I am too soft spoken to answer back to these, cause I never thought/was shocked that someone or people could be so mean in such a vulnerable brand new phase that I was going through.
After this episode in my house with them I cried for days in privacy and was tired of being treated like some outsider who is just meant to nurse the baby and that’s it, and keeps getting judged by everything I did or said. I finally fought back with my in laws and told my husband straight that what he did is not right. Now it’s 4 years down and it’s only been me and husband post that 1 year.
My son loves us. I don’t love my husband one bit post that incident. I have become cold and stronger after that 1 year . I’ve told him multiple times that what he did was really wrong and we have had fights. I don’t talk to his parents cause they are sick people to have even told me those things.
My husband tries to act like he’s sorry sometimes when I fight but also know that he’s barely even bothered cause it’s been 4 years that I have even touched him. I know what he is going through “now she won’t leave me cause we have a kid together”
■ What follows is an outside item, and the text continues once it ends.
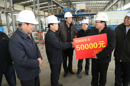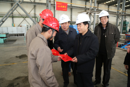 在羊年春節(jié)來臨之際,2月4日下午,省委常委、省政府常務(wù)副省長駱玉林來到青海聚能鈦業(yè)有限公司,親切慰問基建干部職工,把省委、省政府的關(guān)懷送到了企業(yè)生產(chǎn)一線。省政府副秘書長郭臻先,青海省經(jīng)濟(jì)和信息化委員會黨組書記、省國資委副主任、黨委副書記劉建青,省總工會副主席劉華芳等領(lǐng)導(dǎo)陪同慰問。

I’ll be honest, I’m a decent looking person but my husband is someone who doesn’t look good a bit. I loved him purely cause of an emotional connection with him and his support during my bad phase and he was clinging on to me always, never judged him by his looks. I feel in hindsight he did all that to probably win me over.
I can’t stand him touch me or hug me, forget intercourse. I can’t forgive him cause what he did was very very wrong.